By Gamuchirai Masiyiwa Amid the ongoing deterioration of Zimbabwe’s health system, services that require modern equipment and advanced training suffer the most.

For cancer patients, the situation is dismal. Broken-down machines and an acute shortage of oncologists result in patients waiting months, sometimes years to be treated, public health experts say — patients for whom a week could be the difference between life and death.

With a robust primary care system installed in the 1980s, Zimbabwe’s health services were once among the best in southern Africa.

The economic and political upheaval under former President Robert Mugabe marked the end of that era.

Over the past two decades, healthcare funding evaporated, and physicians left the country in droves. Those who remain frequently strike to demand more supplies and better pay.

“Cancer treatment services are among the worst affected due to limited number of specialists [and] limited treatment facilities, especially radiotherapy and chemotherapy, as well as diagnostic facilities,” says Grant Murewanhema, a gynaecologist and public health specialist who works in Zimbabwe’s public hospitals.

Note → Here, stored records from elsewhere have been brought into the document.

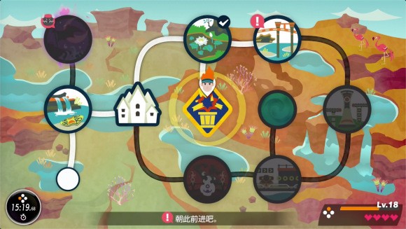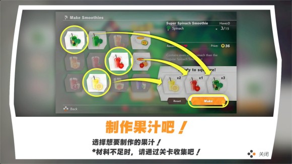 之后的世界,每个关卡的标题页面,可以看到产出哪些素材。一般是五种素材,在关卡中看到蓝色问号拉开 Ring-Con 收集各种素材,之后就能制作果汁了。
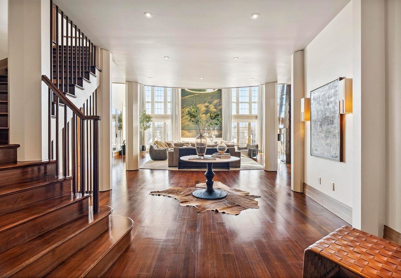 This stunning entryway seamlessly transitions into an expansive living area, illuminated by natural light filtering through large, floor-to-ceiling windows. The elegant design features rich hardwood flooring that complements the warm hues of the décor. A central round coffee table anchors the space, glistening alongside artistic vases and a chic area rug. The seating arrangement, composed of plush sofas and accent chairs, invites family gatherings and casual conversations. Architectural details like tall curtains and stylish wall sconces add sophistication, while greenery enhances the welcoming atmosphere, creating a perfect blend of comfort and modern elegance.
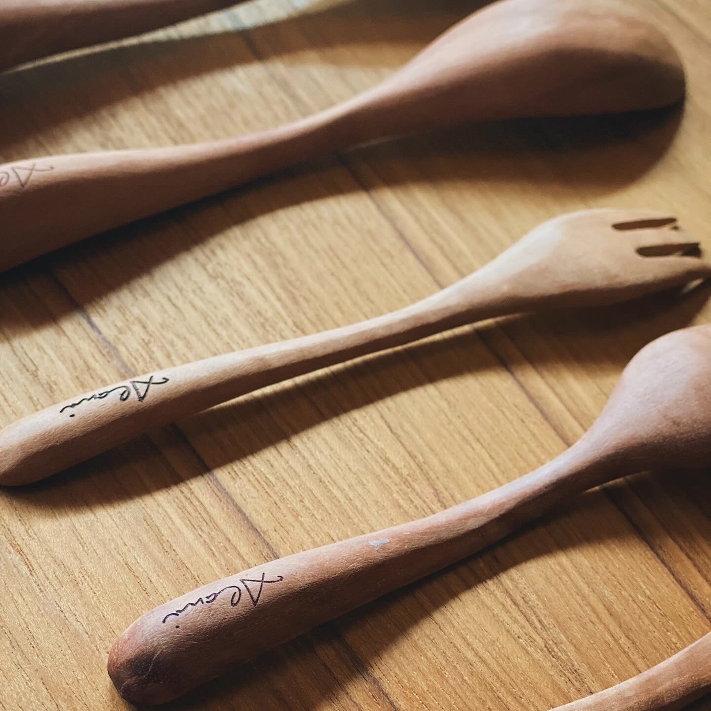 こちらは天然木(ロンガンウッド)のカトラリーベトナムで作られています 無塗装ならではのやさしい質感が魅力です 使うほどに味わいが深まり自然と愛着がわいてきます♡ 背面に印字されたオリジナルロゴ“Alami”はインドネシア …
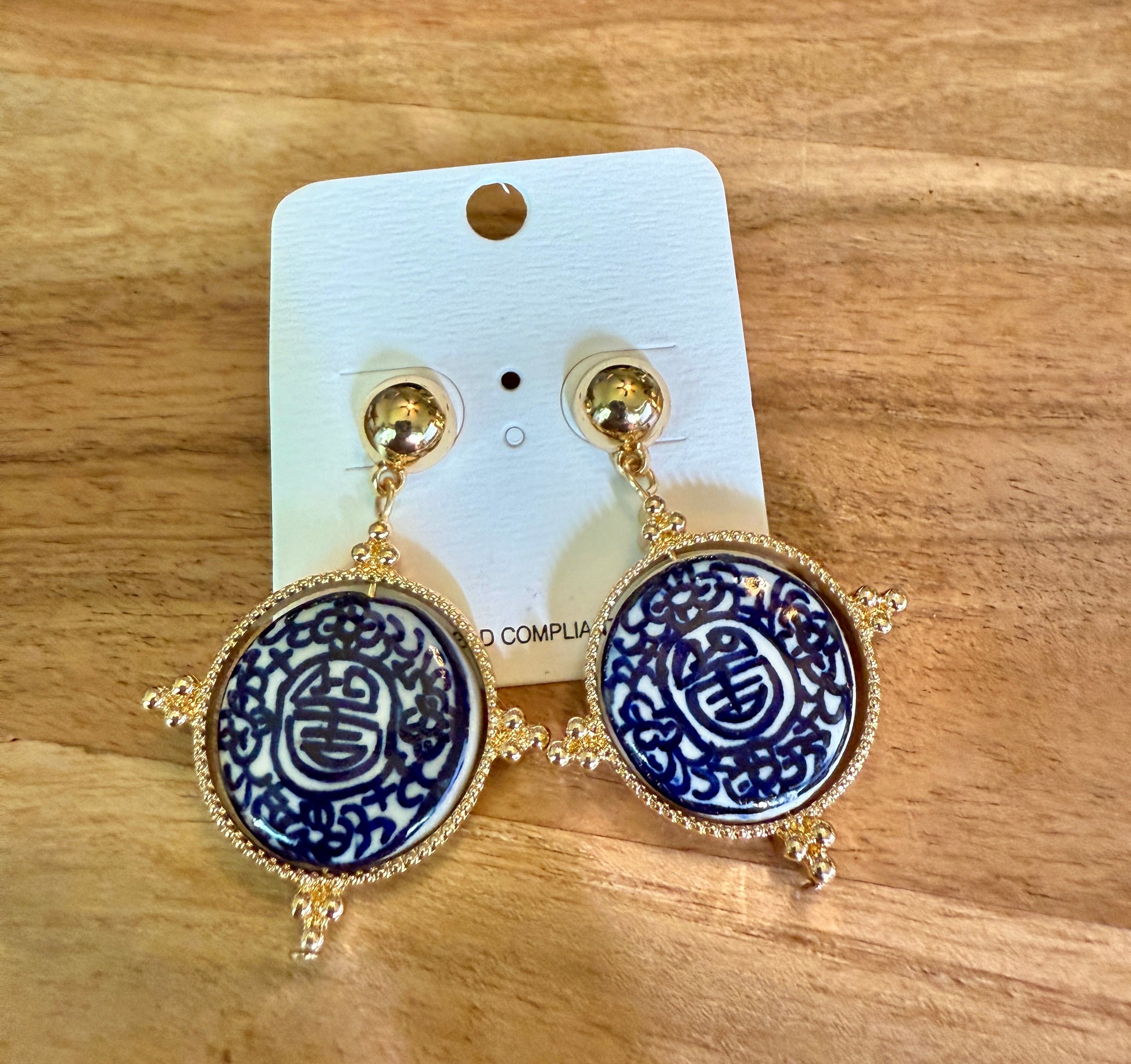 These blue, white, and gold dangle earrings combine classic elegance with contemporary design. Crafted to showcase a harmonious blend of colors, they provide a sophisticated accent that complements a variety of styles. The lightweight construction ensures comfortable wear, while the dangle design adds movement and visual interest, making them ideal for both professional settings and special occasions.
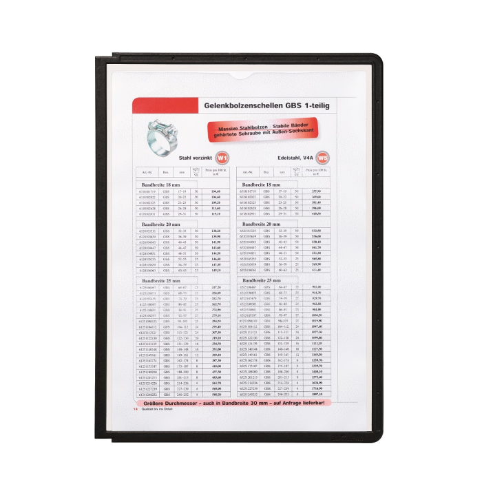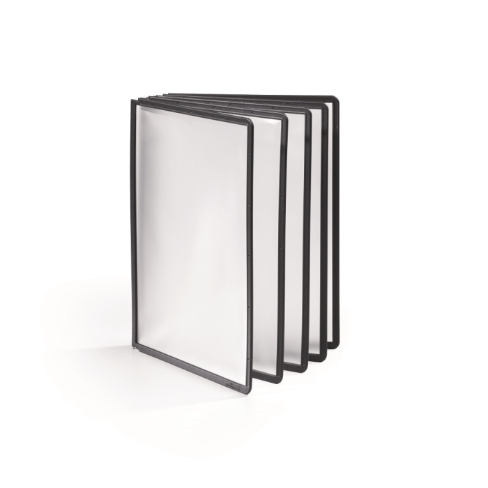 Displejový panel vyrobený z matného antireflexného polypropylénu pre systém Sherpa, kovové držiaky a rotačný stojan. Vložený materiál je kopírovateľný a skenovateľný. Pevný farebný rám s pozíciami pre indexy. Formát A4. Balenie 5 ks.
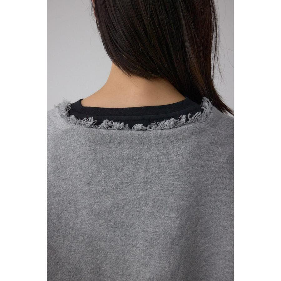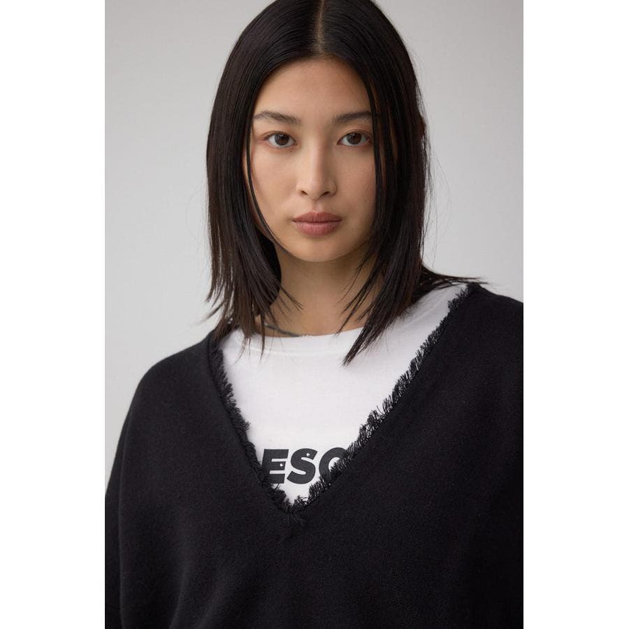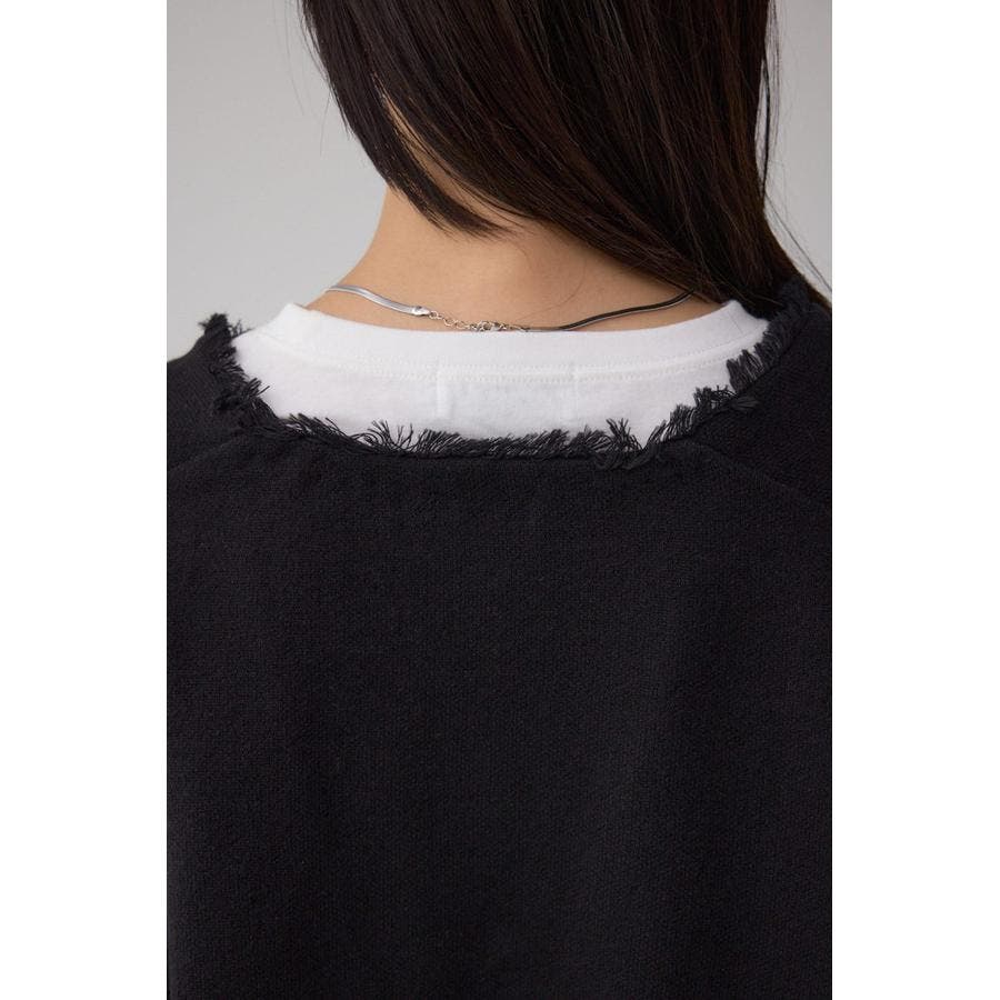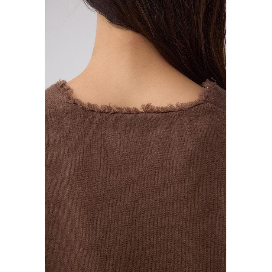 ネックラインにフリンジを施し、シンプルながらもさりげないアクセントをプラス。

According to the Health and Child Care ministry, there are only 12 oncologists practicing in Zimbabwe — 10 in Harare and two in Bulawayo.

Of the three facilities offering radiotherapy in the country, only one, Oncocare Zimbabwe, has functional external beam radiotherapy machines.

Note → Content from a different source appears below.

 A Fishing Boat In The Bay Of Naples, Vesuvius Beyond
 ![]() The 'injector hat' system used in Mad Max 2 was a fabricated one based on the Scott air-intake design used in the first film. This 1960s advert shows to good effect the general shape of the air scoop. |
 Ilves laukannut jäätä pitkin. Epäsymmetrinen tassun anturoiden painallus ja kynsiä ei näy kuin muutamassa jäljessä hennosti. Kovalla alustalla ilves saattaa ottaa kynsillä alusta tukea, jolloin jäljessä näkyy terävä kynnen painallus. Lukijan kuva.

The only private institution of the three, it charges $500 000 (US$1 369) per week of treatment. Patients may require three to five weeks of treatment, depending on the case.

The average monthly household income in Zimbabwe is $15 805 (US$43), according to a 2020 report by the Food and Nutrition Council, the government agency in charge of food security issues.

The three external beam radiotherapy machines at Parirenyatwa Group of Hospitals, in Harare, as well as the two machines at Mpilo Central Hospital in Bulawayo — both public hospitals — break down frequently and sometimes take months to be repaired. All external beam radiotherapy machines at Parirenyatwa and Mpilo are currently down.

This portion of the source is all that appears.